Other than Socom & Session 88, Anymore suggestion?

Thanks


----------



## bear (Feb 3, 2004)

What about a Pivot Firebird with a 7" travel fork?

I know there exist people that use it in pro-level downhilling, so it can't be All Wrong.

It can be built up pretty dang light (like low 30's). I know it doesn't necessarily have the truly low/slack geometry of a full-on DH bike but it seems like a better cross-over than using a full-on DH bike with so much XC/AM in the mix.


----------



## brianbear (Feb 5, 2010)

I can understand your frustration however there isn't any DH specific bike I know of that fits your bill, me thinks you're after a 8" travel light freeride bike. The best one I can recommend is the Canfield 'The one'. they're having a sale on to move all the 2009 stock out. The other option is slightly heavier but pedals nearly as well 'Can Diggle'.These are discontinued but you might find one for sale, probably at an estate auction because nobody living seems to want to sell!

There are multitudes of these single crown, 1.5" steerer, freeride bikes out there, look at as many as you can, test ride if possible, that's the best way to avoid disappointment.

132 lbs rider, pedalling 45 lbs bike , Damn tough work I'd say, well done for the effort!


----------



## Pslide (Jul 3, 2006)

You might want to try a new Giant Glory - much lighter than the old one. Otherwise the Session 88 and Orange 224 are very light. They all could be built to 38 pounds without too much trouble and they all pedal well. Running less sag or slightly heavier spring will also make many bikes pedal better on the way to the trail.


----------



## dropadrop (Sep 20, 2005)

glitz said:


> Well, the bikes and unbiased reviewers will speak for themselves.

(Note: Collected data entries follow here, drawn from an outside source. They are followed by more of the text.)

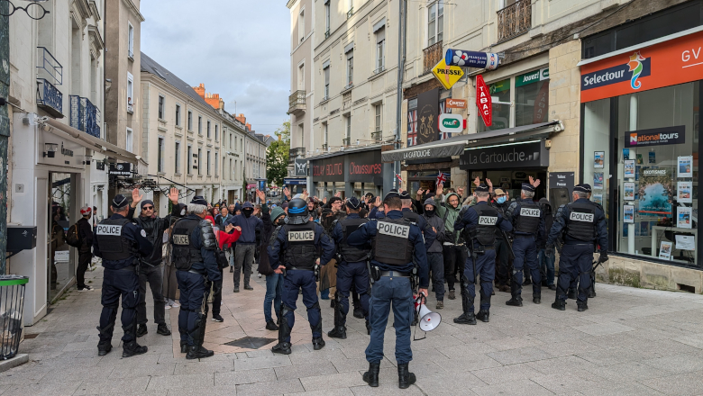 Un peu plus tôt, le réseau angevin antifasciste avait appelé de son côté à une « contre manifestation » place Imbach. Les 80 personnes réunies déploraient « l’instrumentalisation de cette affaire par l’extrême droite ». Très rapidement bloqué par les forces de l’ordre, qui ont utilisé des grenades lacrymogènes, le cortège a parcouru le centre-ville, espérant rejoindre la place du Ralliement, où se tenait le rassemblement de l’ultra-droite. La manifestation a pris fin rue Boisnet, où les forces de l’ordre ont encerclé les derniers manifestants et une nouvelle fois utilisé du gaz lacrymogène. Certains manifestants ont dû se réfugier dans une laverie, d’autres dans un bar, ou dans le hall d’un immeuble pour échapper aux gaz. La police a ensuite procédé à de nombreux contrôles d’identité.
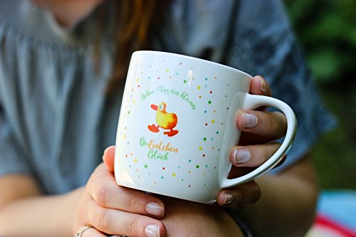 Jeden Tag ein kleines QuEntchen Glück – Das ist das Motto dieser Tasse. Nach einer Vorlage von Klaus Puth.. Der wunderschöne Becher aus Porzellan im Entchen Design ist der Hingucker auf jedem Tisch.. Ob für Kaffee, Tee oder Kaltgetränke, im Büro oder zuhause – die Tasse mit der Ente ist überall dabei. Maße: 9 cm x 8, 7 cm x 12, 8 cm.. Die liebevoll gestaltete Tasse hat außen und innen einen Motivdruck und ist spülmaschinengeeignet.. In der passenden Verpackung eignet sich die Kaffeetasse als Geschenk zum Geburtstag, zur Hochzeit oder zu jedem Anlass zu dem man Glück wünschen möchte. Maße der Verpackung 9, 5 cm x 10, 5 cm x 11 cm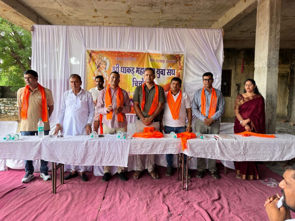 चित्तौड़गढ़। श्री धाकड़ महासभा युवा संघ चित्तौड़गढ़ के तत्वावधान में नव नियुक्त पदाधिकारियों का शपथ ग्रहण एवं मिलन समारोह रविवार 29 जून को सेंती स्थित धाकड़ समाज पंचायती नोहरा, धरणीधर सर्कल के पास उत्साह एवं गरिमामय वातावरण में सम्पन्न हुआ। समारोह की शुरुआत अतिथियों के स्वागत व श्री धरणीधर भगवान के दीप प्रज्वलन के साथ हुई। इसके पश्चात युवा संघ की नव नियुक्त जिला कार्यकारिणी के पदाधिकारियों को उपरना पहनाकर शपथ दिलाई गई।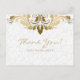 Elégant tourbillon floral or sur damas blancs personnalisable carte de remerciements.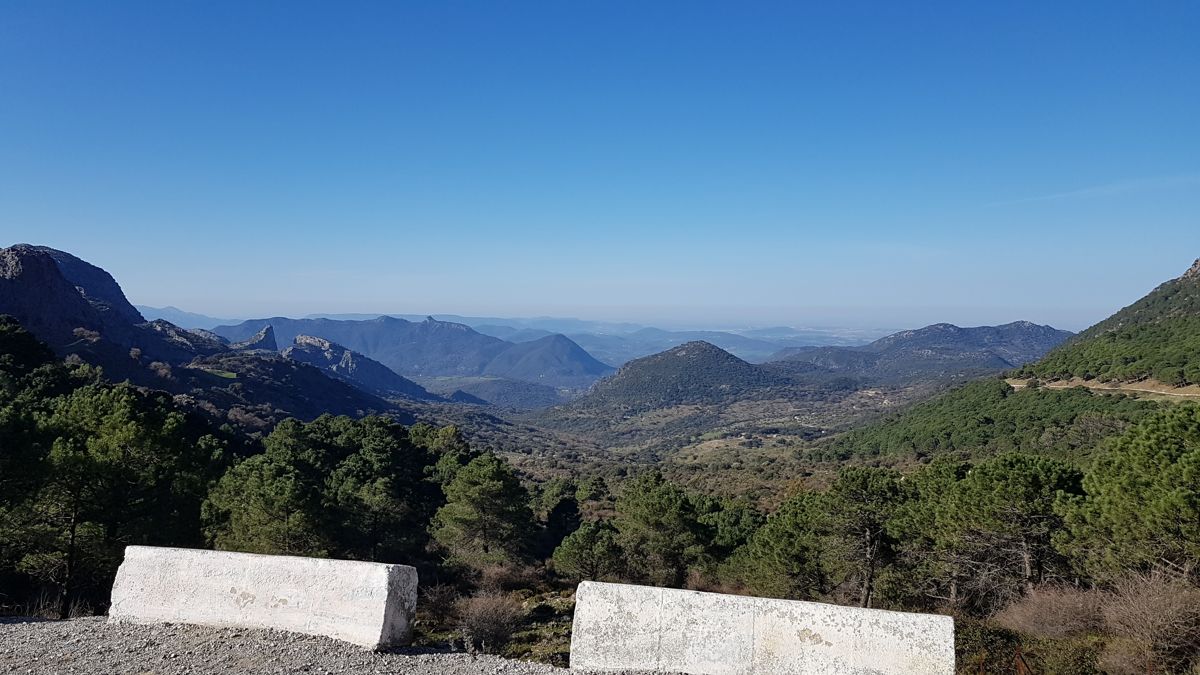 Når vi møder modkørende, så er det ud over den hvide vejsidestribe, for at vi kan passere hinanden. Men et flot og bjergrigt landskab. Ved byen Grazalema holder vi ind på P-pladsen, ved en lille kirke før byen. Og kommer til at holde med snuden af camperen mod øst og med udsigt over hele dalen foran os.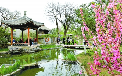 市民在三里河绿化景观休闲(4月6日摄)。新华社发

Every review is biased in one way or another. Funnily enough the reviewers you list have never posted on anything else then Chumba related threads, mostly praising the bikes or defending the CEO...



> Here's one:
> http://forums.mtbr.com/showthread.php?p=6773025#post6773025
> 
> "This is the holy grail of mountain biking; the Chumba EVO is a rare gem that achieves it."
> ...


Well actually you can. Just go through the guys posting history on mtbr and consider for a moment if it's fully unbiased or not. Don't get me wrong, I'm sure it's a nice bike and the guy surely loves it, but what makes his recommendation better then any other brands fanboys?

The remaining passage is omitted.